The PCF8523 is a I2C device. That means it uses the two I2C data/clock wires available on most microcontrollers, and can share those pins with other sensors as long as they don't have an address collision.

For future reference, the default I2C address is 0x68. You cannot change it.

Power Pins:

VCC - this is the power pin. This chip can be powered by 3-5VDC so there is now on-board regulator. To power the board, give it the same power as the logic level of your microcontroller - e.g. for a 5V micro like Arduino, use 5V

GND - common ground for power and logic

I2C Logic pins:

SCL - I2C clock pin, connect to your microcontrollers I2C clock line.

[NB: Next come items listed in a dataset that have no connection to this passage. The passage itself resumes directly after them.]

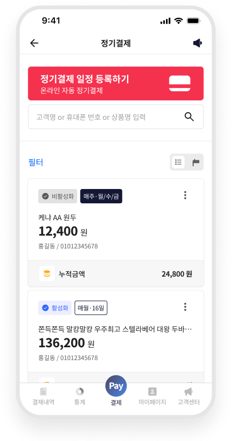일일이 결제를 요청할 필요 없이, 한 번의 설정으로 매달 고정적인 매출을 확보하세요.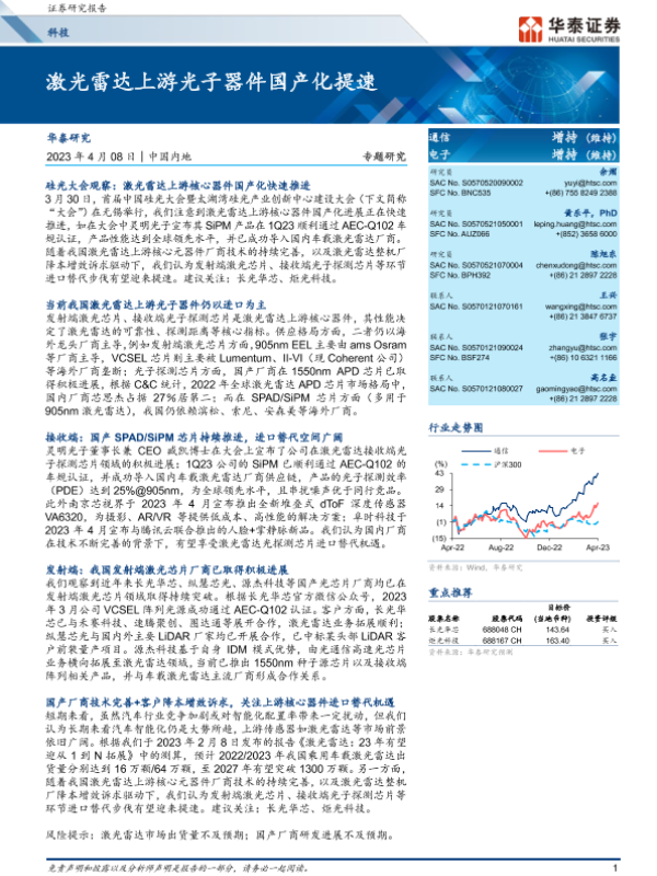 【华泰证券】【20230408】电子专题研究:激光雷达上游光子器件国产化提速-10页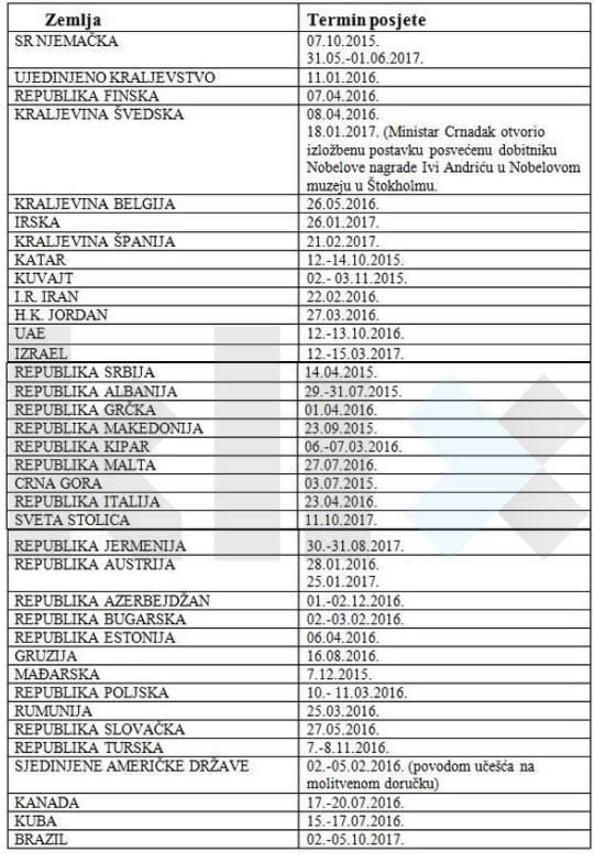 Tako je Crnadak o trošku države boravio u Njemačkoj, Ujedinjenom Kraljevstvu, Finskoj, Švedskoj, Belgiji, Irskoj, Španiji, Kataru, Kuvajtu, Iranu, Jordanu, Ujedinjenim Arapskim Emiratima, Izraelu, Srbiji, Albaniji, Grčkoj, Makedoniji, Kipru, Malti, Crnoj Gori, Italiji, Vatikanu, Jermeniji, Austriji, Azerbejdžanu, Bugarskoj, Estoniji, Gruziji, Mađarskoj, Poljskoj, Rumuniji, Slovačkoj, Sjedinjenim Američkim Državama, Kanadi, Kubi i Brazilu.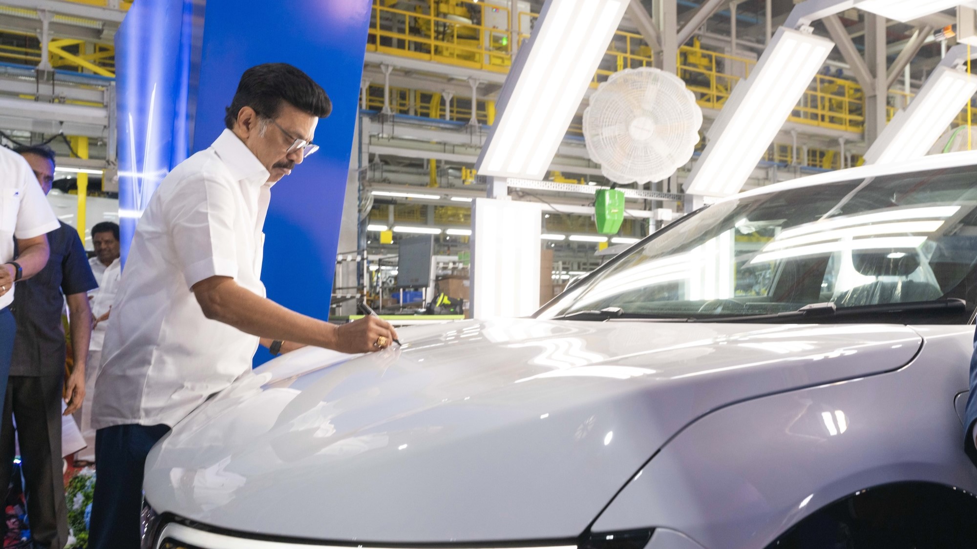 Thủ hiến bang Tamil Nadu - Ông M.K. Stalin - ký tặng lên chiếc ô tô điện đầu tiên xuất xưởng từ nhà máy VinFast ở Tamil Nadu (Ấn Độ).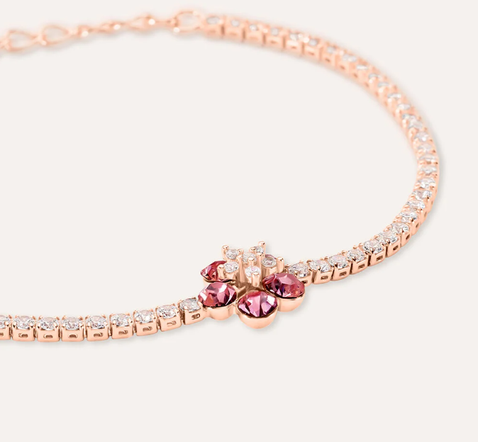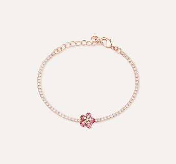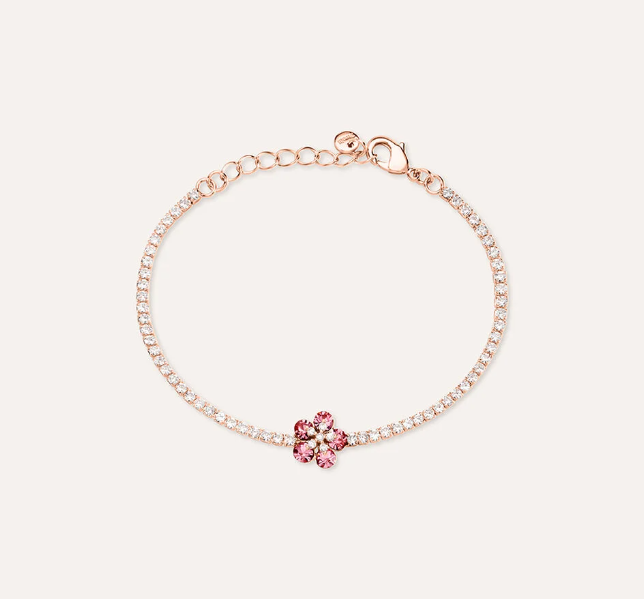 Bracciale delicato che cattura l'essenza della romanticità con fiori in cristallo rosa e bianco. Realizzato in ottone rosa, questo gioiello combina eleganza e femminilità in un design raffinato. La lunghezza regolabile di 16+3 cm si adatta perfettamente al tuo polso, garantendo comfort e versatilità. Ideale per chi desidera un accessorio che esprima sensibilità e stile, perfetto per occasioni speciali o per arricchire la collezione quotidiana con un tocco di brillantezza.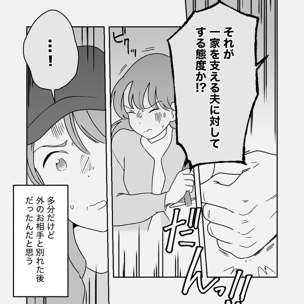 しまいには机を強く叩き、「それが一家を支える夫に対してする態度か!?」と大声で怒鳴りつけました。義母いわく、この時は外のお相手と別れた直後で、気が立っていたんだと言います。力でねじ伏せようとする父親の姿に、コウは幼いながらも強い嫌悪感を覚えたそうです。

SDA - I2C data pin, connect to your microcontrollers I2C data line.

Other Pins:

The SQW pin is for square-wave output if you enable it

Assembly

Assembly is really easy, you can use straight or 'right-angle' style headers to attach to the PCB. We'll be using the plain straight headers included

The board comes with all surface-mount components pre-soldered. The included header strip can be soldered on for convenient use on a breadboard or with 0.1" connectors. You can also skip this step and solder on wires.

Prepare the header strip:

Cut the strip to length if necessary. It will be easier to solder if you insert it into a breadboard - long pins down

Add the breakout board:

Place the breakout board over the pins so that the short pins poke through the breakout pads

 

And Solder!

Be sure to solder all 5 pins for reliable electrical contact.

(For tips on soldering, be sure to check out our Guide to Excellent Soldering).

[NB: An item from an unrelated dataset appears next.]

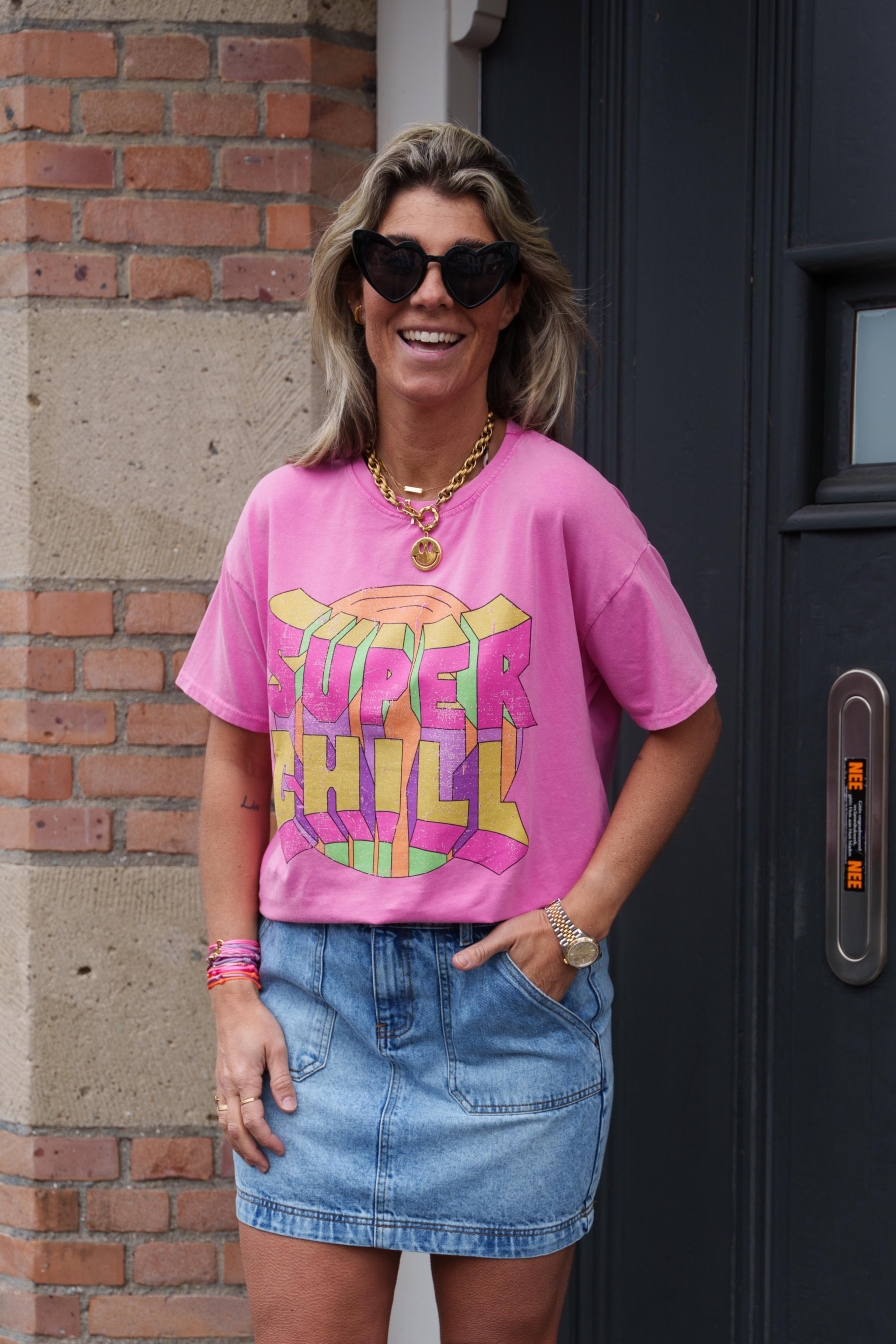 Onesize Shirt gemaakt van 95% katoen, met de tekst SUPER Chill.

You're done! Check your solder joints visually and continue onto the next steps. 

Usage

What is a Real Time Clock?

When logging data, it's often really really useful to have timestamps! That way you can take data one minute apart (by checking the clock) or noting at what time of day the data was logged.

The Arduino IDE does have a built-in timekeeper called millis() (CircuitPython has time) and theres' also timers built into the chip that can keep track of longer time periods like minutes or days. So why would you want to have a separate RTC chip? Well, the biggest reason is that millis()/time only keeps track of time since the board was last powered - that means that when the power is turned on, the millisecond timer is set back to 0. The board doesn't know its 'Tuesday' or 'March 8th' all it can tell is 'Its been 14,000 milliseconds since I was last turned on'.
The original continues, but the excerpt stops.